Data shown:
◇ ◇ ◇ ◇ ◇
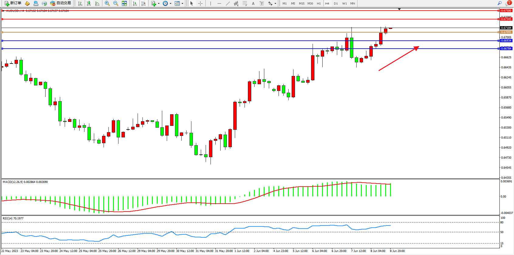 阻力位:0.67345  0.67500
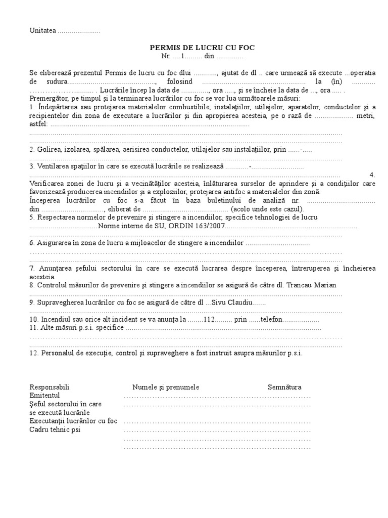 Permis De Lucru Cu Foc Model
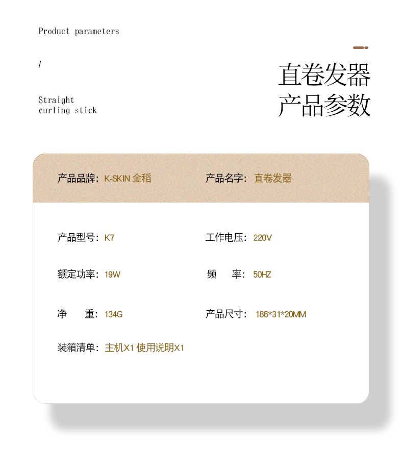 商品名称:K-SKIN 金稻 直卷发夹 K7
◇ ◇ ◇ ◇ ◇
What to work on:
Return, exactly and without extra lines, everything from the line with "Permis De Lucru Cu Foc Model" through the last line of the material above, both included. Pictures must be dropped.

Your solution:
 Permis De Lucru Cu Foc Model
 商品名称:K-SKIN 金稻 直卷发夹 K7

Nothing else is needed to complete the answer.